24 июля. Вечером плюнул на конспирацию и поехал к Марине. Проговорили целый вечер, словно век не виделись. Кто бы узнал, что я больше всего ценю в женщине, не поверил бы: возможность поговорить по душам.
26 июля. Встретился в банке с Климовичем. Как-то странно он со мной разговаривал. Мы знакомы сто лет, я считал его почти другом… Спрашиваю, что случилось, — молчит. Как дела? „Вашими молитвами. Тебе лучше знать, как мои дела“. Что за притча?
30 июля. Товар „А“ разошелся практически полностью. Наша выручка — 365 процентов. Это намного выгоднее „Осетии“. Хоть закрывай все остальное и переключайся на Цицерона. Но Петр Петрович держится осторожно, и я его понимаю. Цицерон — не тот человек, на которого можно положиться…»
Опять этот Цицерон! Вспомнила! Именно это имя меня резануло, когда я его впервые встретила в дневнике, и вот почему: Марина Борисовна говорила о «каком-то Цезаре, что ли». Не о Цезаре — о Цицероне! Что именно там было сказано, ну-ка вспомни, напрягись… Ага, вот: что Бунчук этого Цезаря-Цицерона опасается. И что там было какое-то соглашение, и этот древний «Цезарь» чего-то требовал. Неплохо бы еще раз поговорить с Мариной на эту тему. Кстати, как она там? И вообще, известно ли уже в городе о гибели Бунчука?
Я высунулась в соседнюю комнату. Леня сидел, уткнувшись в экран. Дробовик лежал рядом на стуле, готовый к применению.
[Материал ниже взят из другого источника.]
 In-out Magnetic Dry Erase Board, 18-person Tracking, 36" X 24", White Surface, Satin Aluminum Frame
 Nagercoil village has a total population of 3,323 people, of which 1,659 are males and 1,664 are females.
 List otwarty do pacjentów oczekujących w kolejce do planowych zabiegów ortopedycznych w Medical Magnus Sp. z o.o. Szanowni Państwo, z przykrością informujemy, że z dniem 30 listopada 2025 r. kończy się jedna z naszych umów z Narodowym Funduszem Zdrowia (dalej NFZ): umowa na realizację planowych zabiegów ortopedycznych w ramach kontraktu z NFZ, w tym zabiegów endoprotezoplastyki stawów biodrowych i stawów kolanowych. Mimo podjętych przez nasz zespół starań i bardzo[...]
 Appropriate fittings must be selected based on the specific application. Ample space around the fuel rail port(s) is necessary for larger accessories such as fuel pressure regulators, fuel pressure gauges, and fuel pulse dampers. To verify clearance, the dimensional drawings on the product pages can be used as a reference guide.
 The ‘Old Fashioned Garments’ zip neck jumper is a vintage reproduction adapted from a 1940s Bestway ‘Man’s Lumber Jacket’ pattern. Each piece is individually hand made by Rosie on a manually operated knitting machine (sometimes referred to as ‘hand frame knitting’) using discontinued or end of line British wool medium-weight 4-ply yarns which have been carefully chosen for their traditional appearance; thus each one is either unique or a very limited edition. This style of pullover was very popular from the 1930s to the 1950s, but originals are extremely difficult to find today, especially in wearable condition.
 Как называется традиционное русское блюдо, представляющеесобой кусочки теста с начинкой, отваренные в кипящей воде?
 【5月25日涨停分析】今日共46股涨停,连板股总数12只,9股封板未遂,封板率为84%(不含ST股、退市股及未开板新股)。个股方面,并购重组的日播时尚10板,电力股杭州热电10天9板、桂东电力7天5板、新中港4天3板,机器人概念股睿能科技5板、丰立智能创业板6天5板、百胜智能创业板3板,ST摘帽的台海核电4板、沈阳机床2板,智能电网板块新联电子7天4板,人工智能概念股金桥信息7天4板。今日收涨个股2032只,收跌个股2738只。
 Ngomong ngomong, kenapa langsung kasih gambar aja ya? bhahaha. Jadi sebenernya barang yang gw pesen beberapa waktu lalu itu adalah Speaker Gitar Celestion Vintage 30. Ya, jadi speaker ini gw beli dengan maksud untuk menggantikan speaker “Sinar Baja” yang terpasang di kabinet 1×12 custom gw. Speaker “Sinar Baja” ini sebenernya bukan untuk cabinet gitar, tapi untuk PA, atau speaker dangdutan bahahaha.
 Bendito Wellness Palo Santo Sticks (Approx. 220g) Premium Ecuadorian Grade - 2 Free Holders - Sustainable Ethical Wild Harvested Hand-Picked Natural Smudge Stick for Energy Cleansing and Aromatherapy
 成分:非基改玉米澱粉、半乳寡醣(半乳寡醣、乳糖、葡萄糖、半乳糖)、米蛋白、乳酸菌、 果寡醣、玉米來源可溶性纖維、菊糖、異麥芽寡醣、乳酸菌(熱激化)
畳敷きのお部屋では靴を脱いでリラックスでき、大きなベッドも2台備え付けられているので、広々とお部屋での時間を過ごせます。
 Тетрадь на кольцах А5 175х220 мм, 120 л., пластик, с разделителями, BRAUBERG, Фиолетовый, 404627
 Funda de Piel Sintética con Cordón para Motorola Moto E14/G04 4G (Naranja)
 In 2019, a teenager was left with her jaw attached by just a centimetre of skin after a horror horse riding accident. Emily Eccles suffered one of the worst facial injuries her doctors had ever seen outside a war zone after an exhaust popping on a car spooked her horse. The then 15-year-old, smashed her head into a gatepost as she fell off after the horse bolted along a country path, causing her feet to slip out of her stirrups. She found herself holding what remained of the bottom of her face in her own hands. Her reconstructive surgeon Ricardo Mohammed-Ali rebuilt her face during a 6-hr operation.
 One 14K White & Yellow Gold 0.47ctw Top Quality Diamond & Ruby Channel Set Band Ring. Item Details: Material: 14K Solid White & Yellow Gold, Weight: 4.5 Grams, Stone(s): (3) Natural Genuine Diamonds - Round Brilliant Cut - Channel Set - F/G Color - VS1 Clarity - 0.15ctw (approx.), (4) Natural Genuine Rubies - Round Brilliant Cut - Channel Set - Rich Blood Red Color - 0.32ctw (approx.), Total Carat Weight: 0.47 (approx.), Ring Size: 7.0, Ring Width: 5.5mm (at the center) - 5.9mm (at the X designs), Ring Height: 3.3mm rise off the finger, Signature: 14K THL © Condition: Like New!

— Лень, а Лень! — позвала я.
— Я вас внимательно слушаю, — отозвался мой то ли страж, то ли охранник, приставленный ко мне Вязьмикиным. Евгений не согласился везти меня ни к моему Лене — художнику, ни к «яичному Шурику», а отвез на свою квартиру. Жену с дочкой сплавил на время к бабушке Татьяне Валерьевне. Жена на удивление безропотно выслушала сообщение о том, что муж решил обосноваться в квартире с другой женщиной, а ее выселяют. Интересные отношения в этой семье! Сплошной патриархат. Все решает Евгений. Если честно, даже завидно: насколько они друг другу доверяют. В наше время подобное — большой дефицит.
— Я схожу газет куплю, ладно? — продолжила я свое обращение.
— Ну уж нет, — все так же сумрачно проговорил Леня. — Я сам схожу. Если очень надо. Лучше бы, конечно, обойтись.
— Мне для дела нужно.
— Ну, если для дела… Каких газет-то?
— Да всех. Местных то есть. «Трибуну», «Пригород»… ну и эту, желтенькую…
— «Обыватель»?
— Да, ее тоже. Вот деньги возьми.
— Ладно. Значит, уговор помните? Дверь не отпирать никому и ни при каких обстоятельствах. У всех своих имеются ключи. Если я не вернусь в течение часа, звоните Евгению. Договорились?
— Договорились, — выдавила я из себя. Я была уже не рада, что послала парня за газетами. Слова «если я не вернусь» меня напугали. Леня относился к происходящему, как видно, серьезнее меня — будто это его, а не меня засовывали в мешок. — Может, не надо? Обойдусь я и без газет…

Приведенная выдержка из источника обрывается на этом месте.